Start of Input data
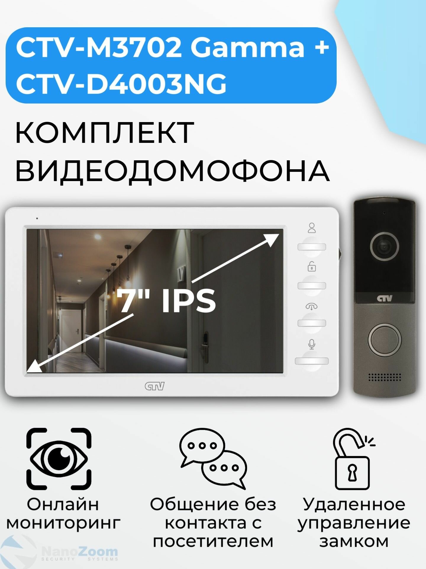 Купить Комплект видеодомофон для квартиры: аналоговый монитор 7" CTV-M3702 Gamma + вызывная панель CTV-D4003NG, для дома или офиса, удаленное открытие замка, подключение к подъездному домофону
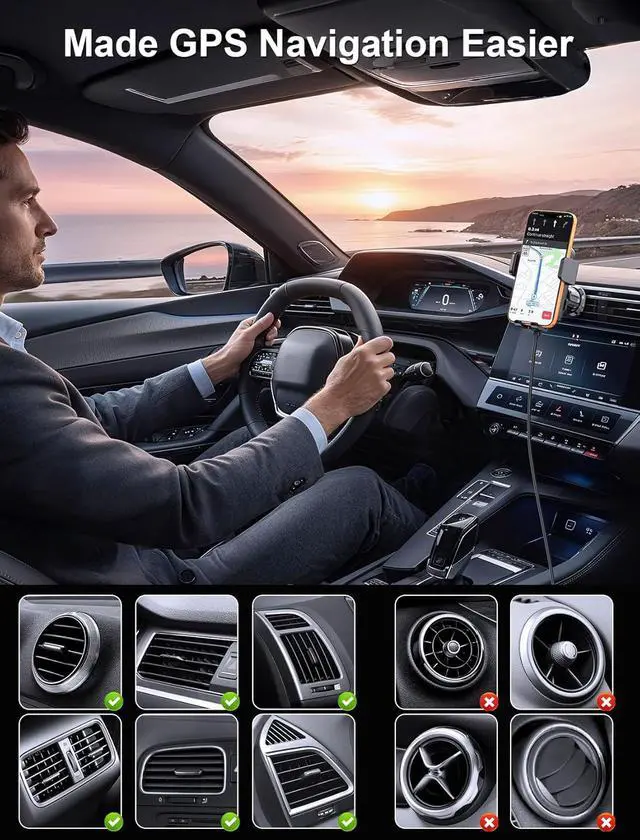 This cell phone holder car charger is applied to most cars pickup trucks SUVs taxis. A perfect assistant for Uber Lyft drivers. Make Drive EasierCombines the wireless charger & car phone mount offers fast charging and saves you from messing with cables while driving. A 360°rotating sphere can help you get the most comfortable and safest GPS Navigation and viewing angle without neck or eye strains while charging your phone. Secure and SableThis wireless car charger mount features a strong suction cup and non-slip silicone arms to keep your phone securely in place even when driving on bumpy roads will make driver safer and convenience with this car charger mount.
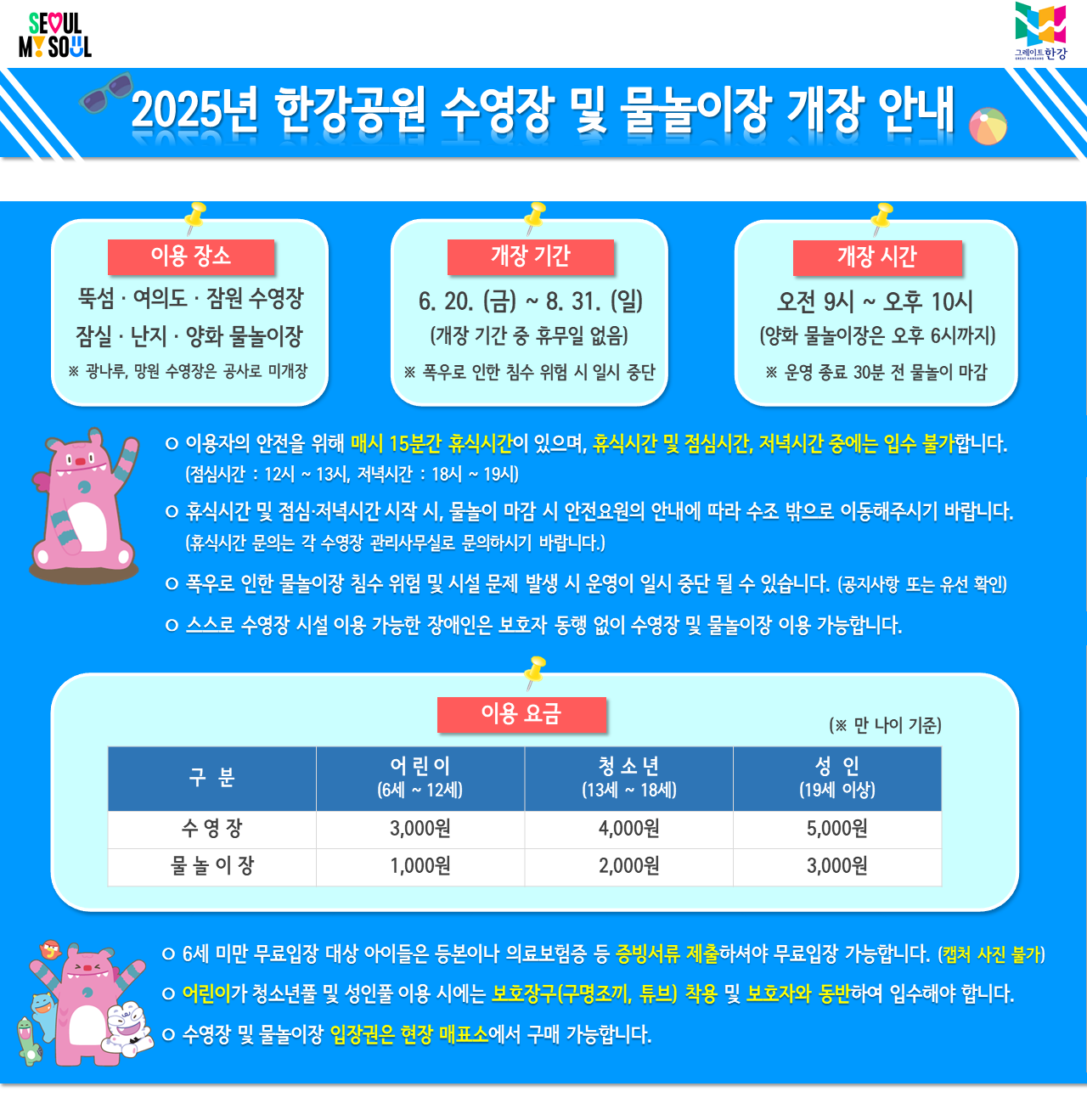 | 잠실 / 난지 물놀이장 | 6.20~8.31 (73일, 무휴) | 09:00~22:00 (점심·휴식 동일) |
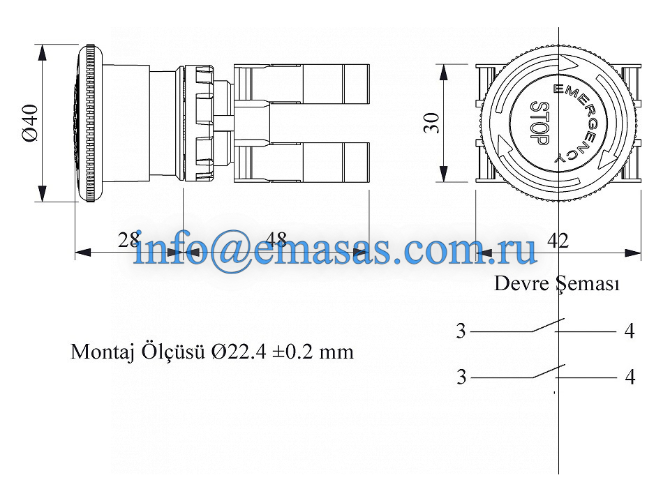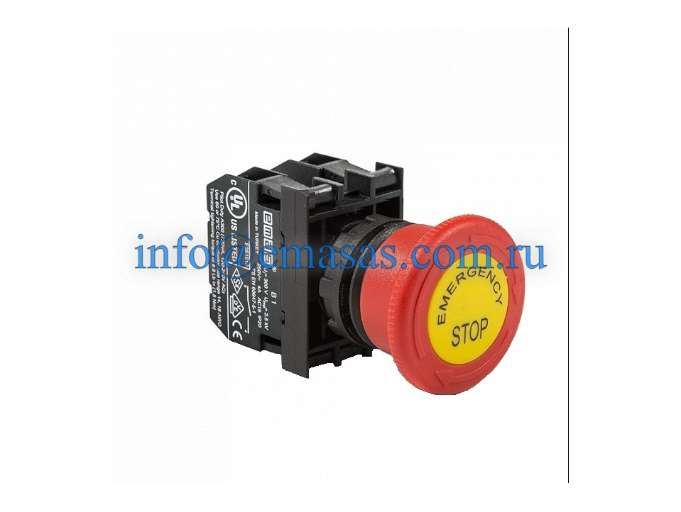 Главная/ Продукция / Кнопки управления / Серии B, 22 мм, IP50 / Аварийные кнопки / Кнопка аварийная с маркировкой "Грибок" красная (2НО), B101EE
End of Input data
▶ [Work instructions]
Omitting all pictures, restate word for word the lines from the one containing "This cell phone" through the last line of the data.

▶ [Response]
 This cell phone holder car charger is applied to most cars pickup trucks SUVs taxis. A perfect assistant for Uber Lyft drivers. Make Drive EasierCombines the wireless charger & car phone mount offers fast charging and saves you from messing with cables while driving. A 360°rotating sphere can help you get the most comfortable and safest GPS Navigation and viewing angle without neck or eye strains while charging your phone. Secure and SableThis wireless car charger mount features a strong suction cup and non-slip silicone arms to keep your phone securely in place even when driving on bumpy roads will make driver safer and convenience with this car charger mount.
 | 잠실 / 난지 물놀이장 | 6.20~8.31 (73일, 무휴) | 09:00~22:00 (점심·휴식 동일) |
 Главная/ Продукция / Кнопки управления / Серии B, 22 мм, IP50 / Аварийные кнопки / Кнопка аварийная с маркировкой "Грибок" красная (2НО), B101EE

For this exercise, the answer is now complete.